In [3]:
import pandas as pd 
import numpy as np
from typing import Dict
from sdmetrics.single_column import CategoryAdherence, BoundaryAdherence

In [4]:
original_data_splits = r"C:\Users\User\PycharmProjects\master_thesis\simulation_data\final_run_data_preparation\data_splits\original_training_dataset.csv"
real_test_path = r"C:\Users\User\PycharmProjects\master_thesis\simulation_data\final_run_data_preparation\data_splits\test_df.csv"

synthetic_path=r"C:\Users\User\PycharmProjects\master_thesis\simulation_data\final_data_evaluation\create_plots\evaluation_results\fully_fixed_data.csv"



synthetic_data_no_grounding= r"C:\Users\User\PycharmProjects\master_thesis\simulation_data\final_data_evaluation\create_plots\evaluation_results\fully_fixed_data_not_grounded_synthetic.csv"

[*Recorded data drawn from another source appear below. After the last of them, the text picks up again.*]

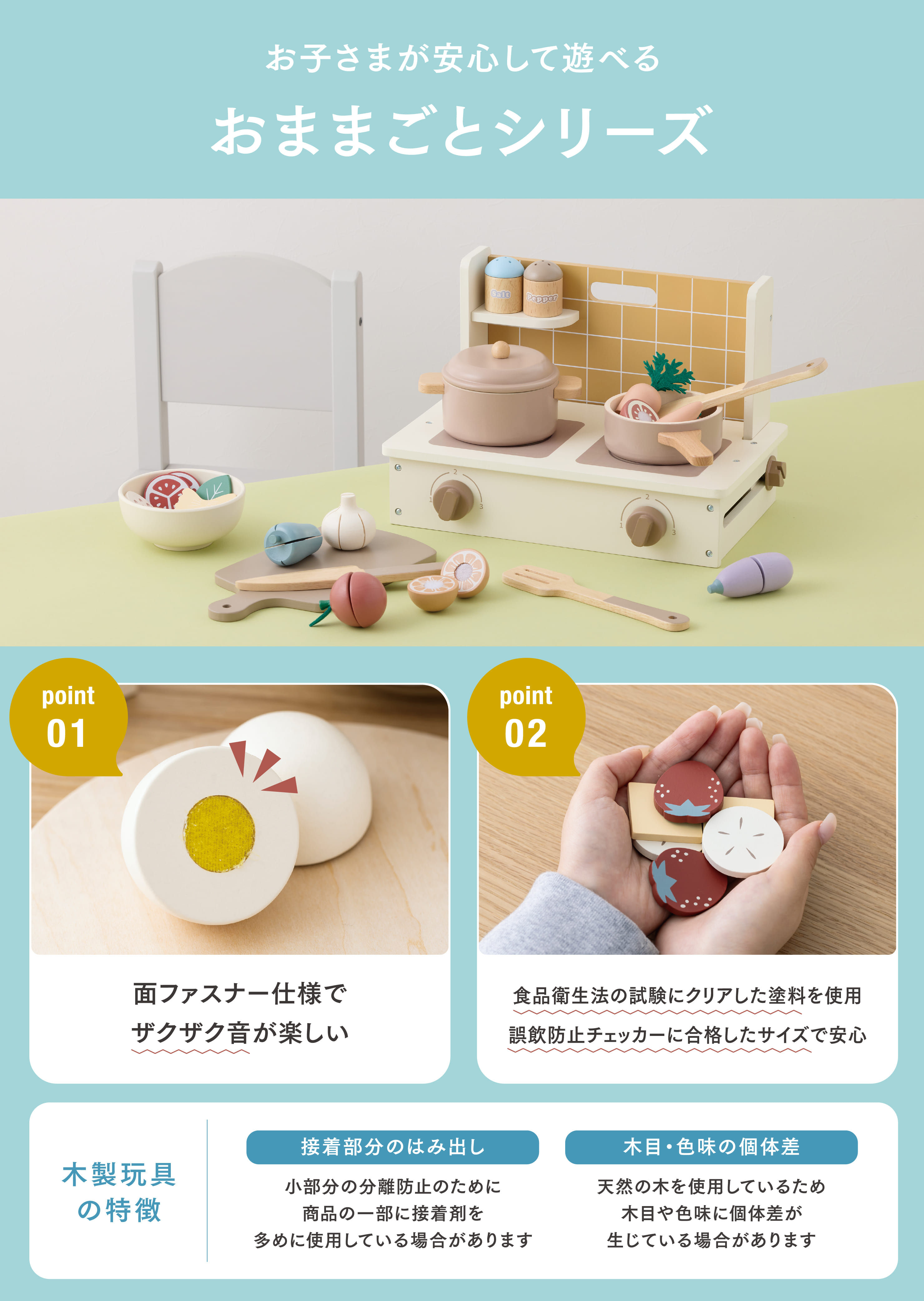 木のぬくもりとくすみカラーが魅力のデザインで、シリーズをそろえれば、毎日のおままごとがもっと楽しくなります♪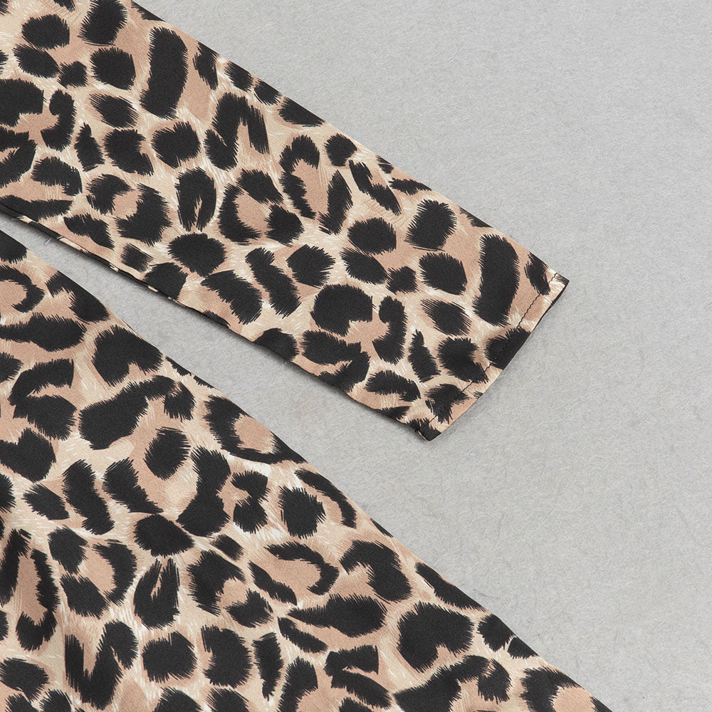 LEOPARD PRINT MOCK NECK RUFFLE TRIM WRAP HEM DRESS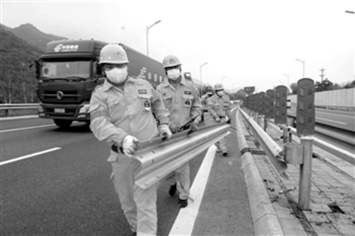 7月29日,在京藏高速出京方向43.5公里处,养护工人对道路设施进行修复。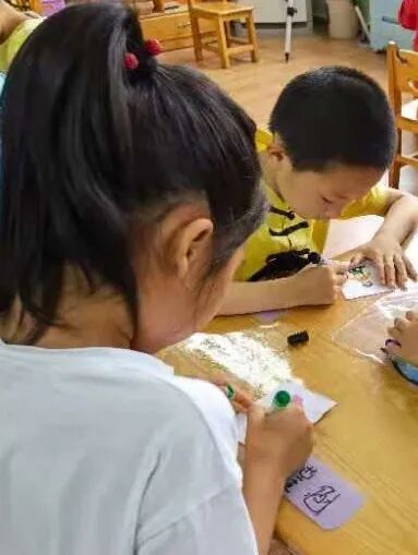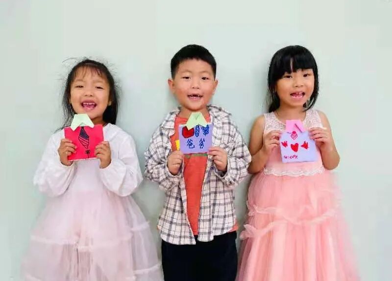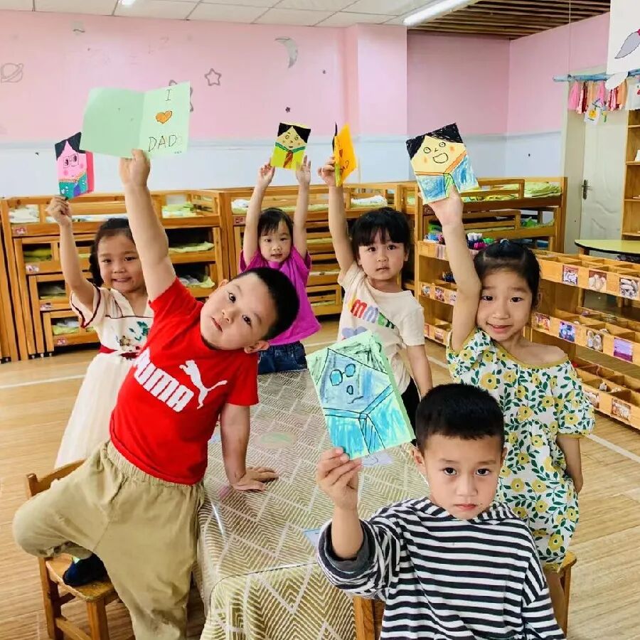 孩子们将自己心目中的爸爸模样绘制在一张张白色的卡纸上,用着自己喜欢的方式表达着对爸爸的爱意,向别人介绍自己的爸爸。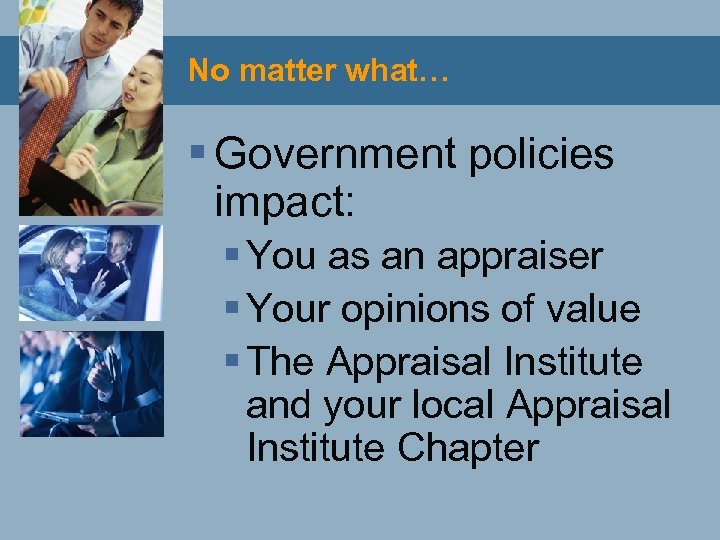 No matter what… § Government policies impact: § You as an appraiser § Your opinions of value § The Appraisal Institute and your local Appraisal Institute Chapter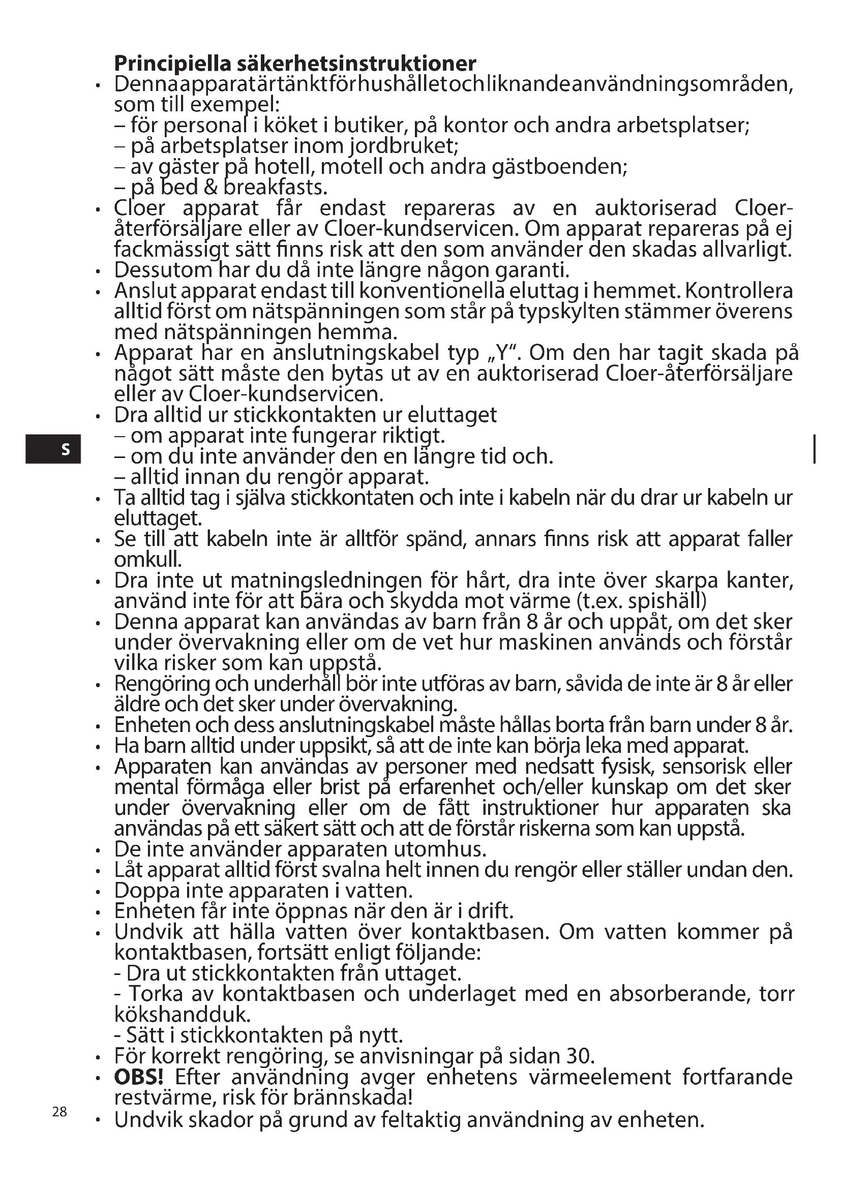 N28 Principiella säkerhetsinstruktioner Denna apparat är tänkt för hushållet och liknande användningsområden, som till exempel: – för personal i köket i butiker, på kontor och andra arbetsplatser; – på arbetsplatser inom jordbruket; – av gäster på hotell, motell och andra gästboenden; – på bed & breakfasts. Cloer apparat får endast repareras av en auktoriserad Cloer- återförsäljare eller av Cloer-kundservicen. Om apparat repareras på ej fackmässigt sätt nns risk att den som använder den skadas allvarligt. Dessutom har du då inte längre någon garanti. Anslut apparat endast till konventionella eluttag i hemmet. Kontrollera alltid först om nätspänningen som står på typskylten stämmer överens med nätspänningen hemma. Apparat har en anslutningskabel typ „Y“. Om den har tagit skada på något sätt måste den bytas ut av en auktoriserad Cloer-återförsäljare eller av Cloer-kundservicen. Dra alltid ur stickkontakten ur eluttaget – om apparat inte fungerar riktigt. – om du inte använder den en längre tid och. – alltid innan du rengör apparat. Ta alltid tag i själva stickkontaten och inte i kabeln när du drar ur kabeln ur eluttaget. Se till att kabeln inte är alltför spänd, annars nns risk att apparat faller omkull. Dra inte ut matningsledningen för hårt, dra inte över skarpa kanter, använd inte för att bära och skydda mot värme (t.ex. spishäll) Denna apparat kan användas av barn från 8 år och uppåt, om det sker under övervakning eller om de vet hur maskinen används och förstår vilka risker som kan uppstå. Rengöring och underhåll bör inte utföras av barn, såvida de inte är 8 år eller äldre och det sker under övervakning. Enheten och dess anslutningskabel måste hållas borta från barn under 8 år. Ha barn alltid under uppsikt, så att de inte kan börja leka med apparat. Apparaten kan användas av personer med nedsatt fysisk, sensorisk eller mental förmåga eller brist på erfarenhet och/eller kunskap om det sker under övervakning eller om de fått instruktioner hur apparaten ska användas på ett säkert sätt och att de förstår riskerna som kan uppstå. De inte använder apparaten utomhus. Låt apparat alltid först svalna helt innen du rengör eller ställer undan den. Doppa inte apparaten i vatten. Enheten får inte öppnas när den är i drift. Undvik att hälla vatten över kontaktbasen. Om vatten kommer på kontaktbasen, fortsätt enligt följande: - Dra ut stickkontakten från uttaget. - Torka av kontaktbasen och underlaget med en absorberande, torr kökshandduk. - Sätt i stickkontakten på nytt. För korrekt rengöring, se anvisningar på sidan 30. OBS! Efter användning avger enhetens värmeelement fortfarande restvärme, risk för brännskada! Undvik skador på grund av feltaktig användning av enheten.
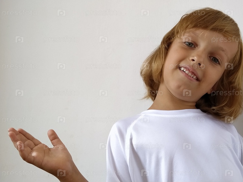 Маленькая милая девочка 6-7 лет со светлыми волосами выражает эмоциональную радость и улыбку на белом фоне. Ребенок с загорелой кожей. Белая футболка. Скопируйте пространство. Девушка рукой указывает на что-то
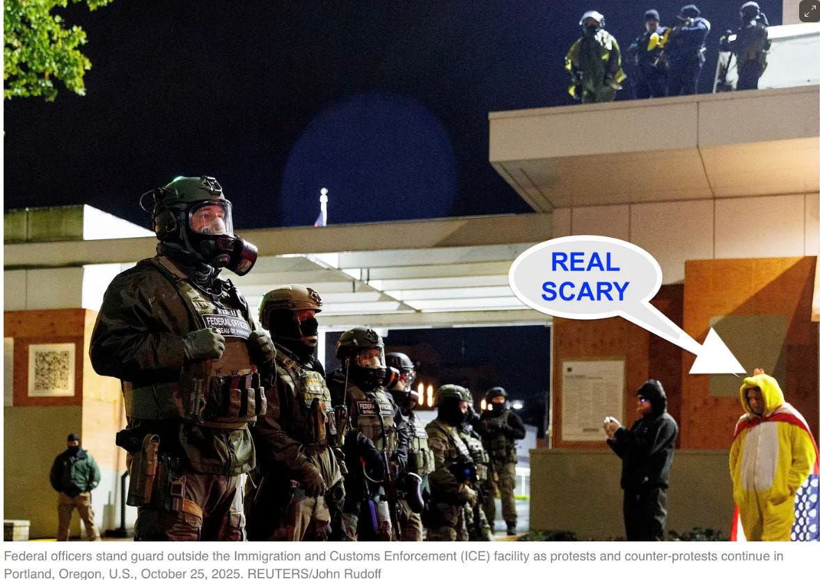 Wanna bet that the 11, whatever the hell they’re supposed to be, goons at the Portland ICE facility would wet their pants wishing that the protestor in the chicken suit pulled a pistol. He’d be so pumped full of lead he could be used as an anchor.

synthetic_new_no_info = r"C:\Users\User\PycharmProjects\master_thesis\simulation_data\final_data_evaluation\create_plots\evaluation_results\fully_fixed_data_no_info_new.csv"



categorical_cols = [
            'numberRating', 'highestRating', 'lowestRating',
            'numberLowRating', 'numberMediumRating', 'numberHighRating',
            'numberMessageRead', 'readAllMessage', 'numberMessageReceived', 
        ]

continuous_cols = ['sdRating','medianRating']

# all columns 
all_columns = categorical_cols + continuous_cols


synthetic_df = pd.read_csv(synthetic_path)
synthetic_df_no_orignal_inofs = pd.read_csv(synthetic_new_no_info)
synthetic_df_no_grounding = pd.read_csv(synthetic_data_no_grounding)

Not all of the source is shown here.